Task to complete: Set each entry down verbatim, omitting images.

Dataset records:
◇ ◇ ◇ ◇

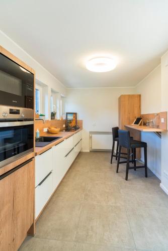 这家度假屋配备4间卧室、2间浴室、床上用品、毛巾、带卫星频道的平板电视、用餐区、设施齐全的厨房以及山景露台。这家度假屋也提供休息区以及2间带淋浴设施和浴缸的浴室。
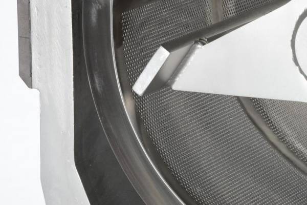Mit der optionalen Mahlspaltverstellung kann zusätzlich Einfluss auf das Mahlergebnis genommen werden. Ebenso gibt es verschiedene Arten von Siebeinsätzen: Es gibt gelochte Siebe und Reibsiebe. Letztere besitzen, genau wie eine Reibe im Haushalt, eine schneidende Wirkung.
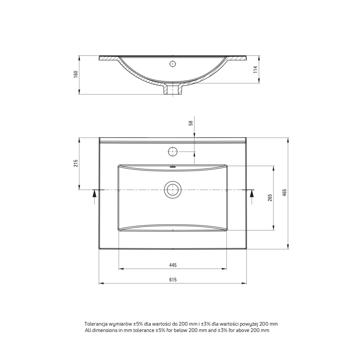 Deante Tubo lavabo 61.5x46.5 cm rettangolare da mobile bianco CTU_646M
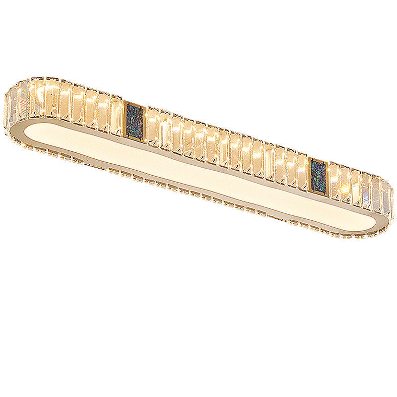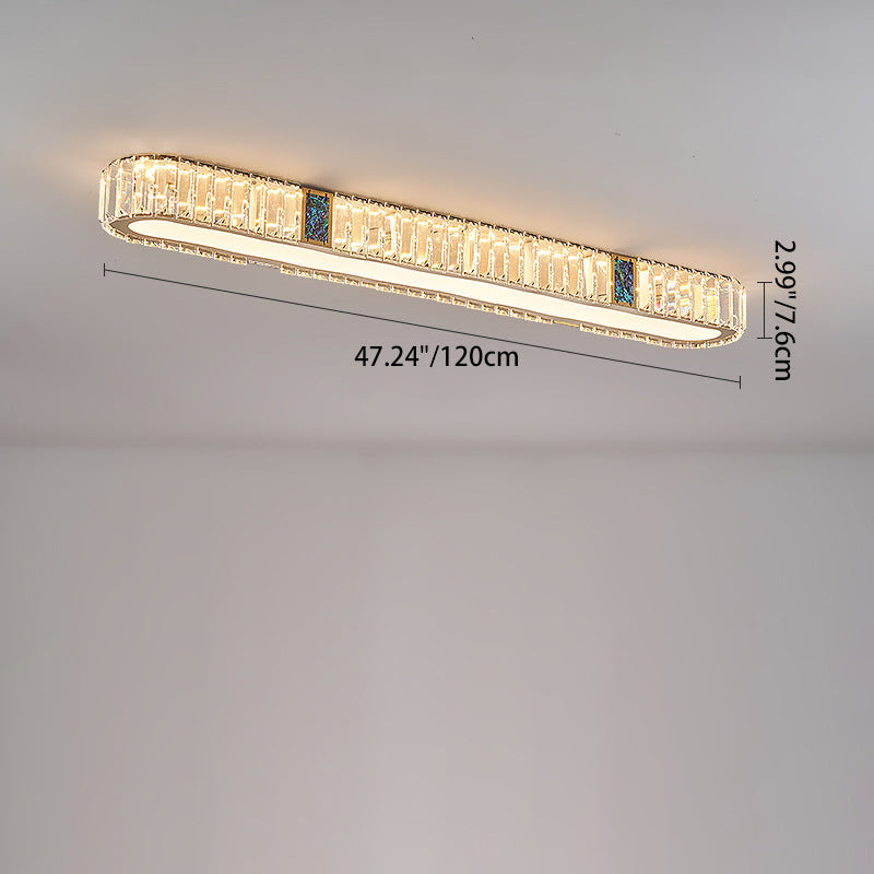 Modern Luxury Stainless Steel Crystal Acrylic Oval Strip LED Flush Mount Ceiling Light For Hallway & Entryway
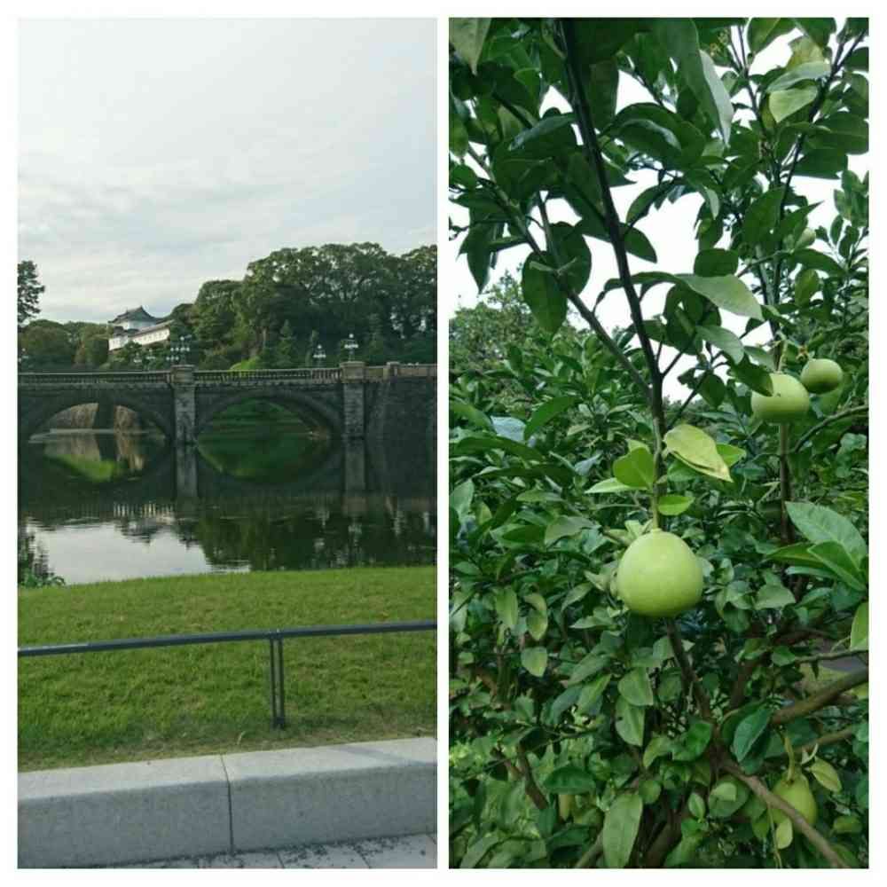 ガーデニングショーから皇居に移り。荷物検査を済ませて、皇居東御苑えと果樹園もあり柿や写真のエガミブンタン。ミカン科が有りました。
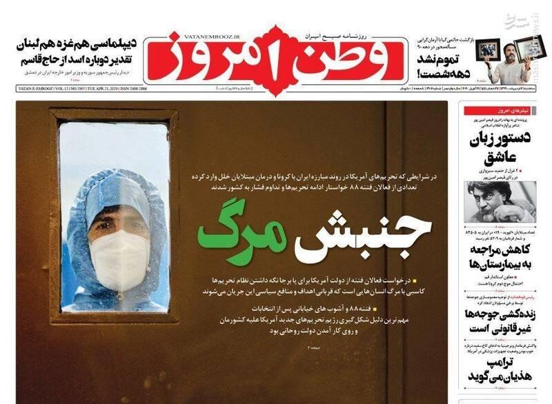 جنبش مرگ/شترسواری کرونا در خطر کوهان دوم!/دست خالی از سپرده ۴/۸ میلیارد دلاری/آسمان پرستاران پرستاره باد/احمدی نژادیها کلید زدند/کمک به مردم مقابل دوربین!/تیتر تعدادی از روزنامه های امروز است.
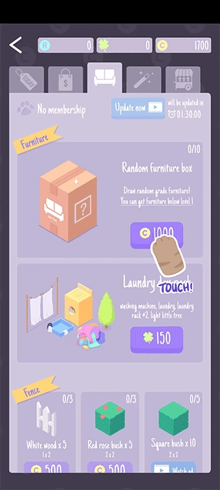 3、玩家能够依照引导进入商店,花费金币购买款式随机的家具设施。

◇ ◇ ◇ ◇

Finished exercise:
 这家度假屋配备4间卧室、2间浴室、床上用品、毛巾、带卫星频道的平板电视、用餐区、设施齐全的厨房以及山景露台。这家度假屋也提供休息区以及2间带淋浴设施和浴缸的浴室。
Mit der optionalen Mahlspaltverstellung kann zusätzlich Einfluss auf das Mahlergebnis genommen werden. Ebenso gibt es verschiedene Arten von Siebeinsätzen: Es gibt gelochte Siebe und Reibsiebe. Letztere besitzen, genau wie eine Reibe im Haushalt, eine schneidende Wirkung.
 Deante Tubo lavabo 61.5x46.5 cm rettangolare da mobile bianco CTU_646M
 Modern Luxury Stainless Steel Crystal Acrylic Oval Strip LED Flush Mount Ceiling Light For Hallway & Entryway
 ガーデニングショーから皇居に移り。荷物検査を済ませて、皇居東御苑えと果樹園もあり柿や写真のエガミブンタン。ミカン科が有りました。
 جنبش مرگ/شترسواری کرونا در خطر کوهان دوم!/دست خالی از سپرده ۴/۸ میلیارد دلاری/آسمان پرستاران پرستاره باد/احمدی نژادیها کلید زدند/کمک به مردم مقابل دوربین!/تیتر تعدادی از روزنامه های امروز است.
 3、玩家能够依照引导进入商店,花费金币购买款式随机的家具设施。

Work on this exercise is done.